* Given data
BEGIN
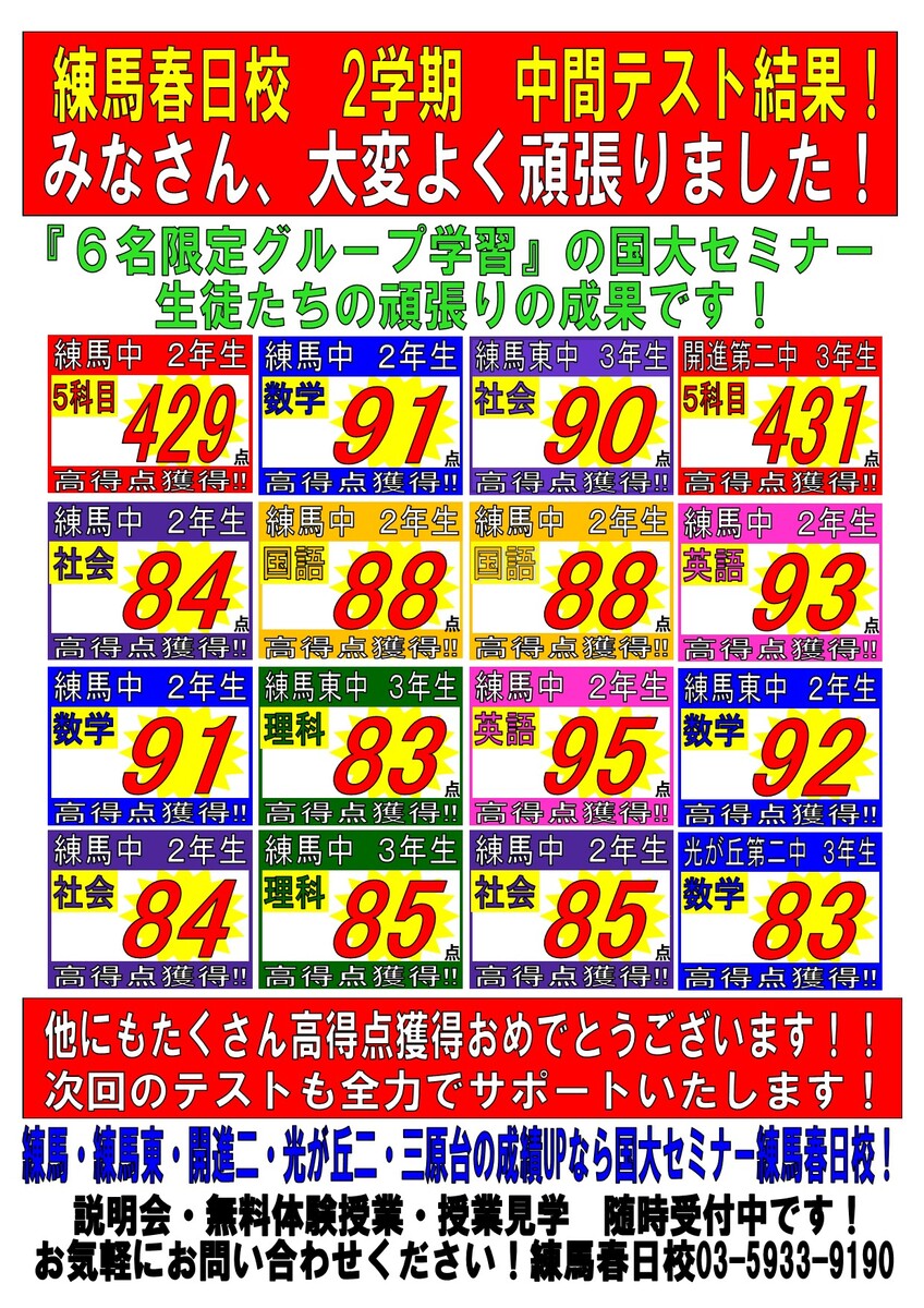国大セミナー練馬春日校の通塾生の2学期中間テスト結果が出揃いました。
END
BEGIN
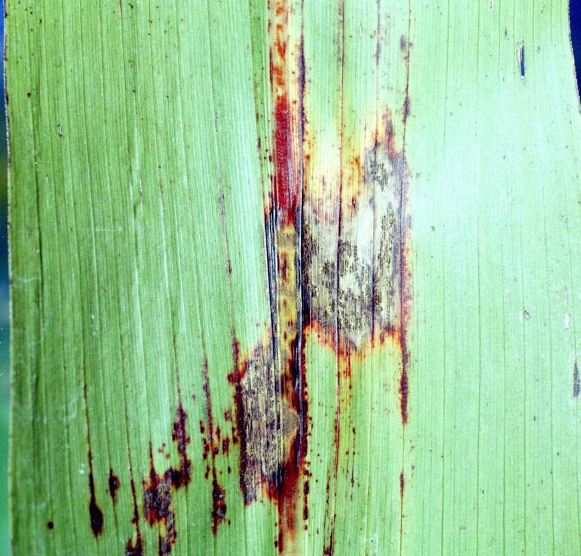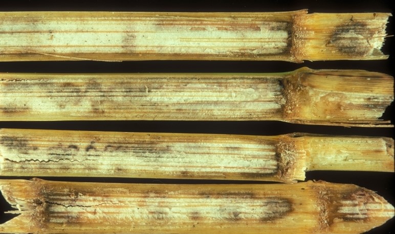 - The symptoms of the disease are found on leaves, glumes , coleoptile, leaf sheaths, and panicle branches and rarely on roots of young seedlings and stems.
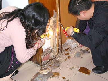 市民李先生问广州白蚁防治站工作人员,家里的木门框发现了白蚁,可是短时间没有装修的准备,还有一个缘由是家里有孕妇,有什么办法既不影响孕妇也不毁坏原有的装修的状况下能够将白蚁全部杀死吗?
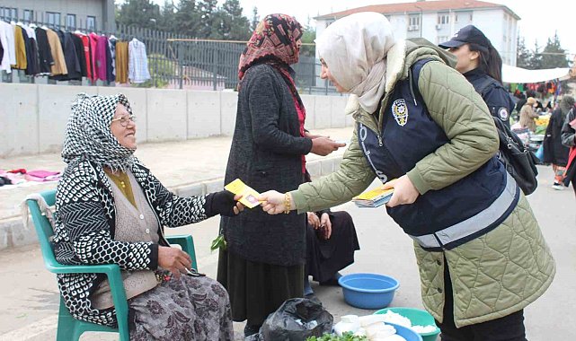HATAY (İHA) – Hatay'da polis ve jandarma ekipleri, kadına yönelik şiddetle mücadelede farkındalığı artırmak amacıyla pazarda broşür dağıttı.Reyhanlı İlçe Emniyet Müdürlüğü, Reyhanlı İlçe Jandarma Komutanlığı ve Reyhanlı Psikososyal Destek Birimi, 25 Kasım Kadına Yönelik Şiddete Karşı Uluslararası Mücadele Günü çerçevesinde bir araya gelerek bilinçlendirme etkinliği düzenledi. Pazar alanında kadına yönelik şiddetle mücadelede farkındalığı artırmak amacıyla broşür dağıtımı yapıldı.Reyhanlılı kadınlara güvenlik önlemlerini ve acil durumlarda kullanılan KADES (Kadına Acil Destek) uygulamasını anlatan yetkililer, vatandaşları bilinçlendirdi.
END
BEGIN
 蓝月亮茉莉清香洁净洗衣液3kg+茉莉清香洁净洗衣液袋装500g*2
END
* Aim of the task
Above are records; write out the lines from the one with "- The symptoms" down to the one with "HATAY (İHA) –", exactly, leaving the pictures out.

* Task solution
 - The symptoms of the disease are found on leaves, glumes , coleoptile, leaf sheaths, and panicle branches and rarely on roots of young seedlings and stems.
 市民李先生问广州白蚁防治站工作人员,家里的木门框发现了白蚁,可是短时间没有装修的准备,还有一个缘由是家里有孕妇,有什么办法既不影响孕妇也不毁坏原有的装修的状况下能够将白蚁全部杀死吗?
HATAY (İHA) – Hatay'da polis ve jandarma ekipleri, kadına yönelik şiddetle mücadelede farkındalığı artırmak amacıyla pazarda broşür dağıttı.Reyhanlı İlçe Emniyet Müdürlüğü, Reyhanlı İlçe Jandarma Komutanlığı ve Reyhanlı Psikososyal Destek Birimi, 25 Kasım Kadına Yönelik Şiddete Karşı Uluslararası Mücadele Günü çerçevesinde bir araya gelerek bilinçlendirme etkinliği düzenledi. Pazar alanında kadına yönelik şiddetle mücadelede farkındalığı artırmak amacıyla broşür dağıtımı yapıldı.Reyhanlılı kadınlara güvenlik önlemlerini ve acil durumlarda kullanılan KADES (Kadına Acil Destek) uygulamasını anlatan yetkililer, vatandaşları bilinçlendirdi.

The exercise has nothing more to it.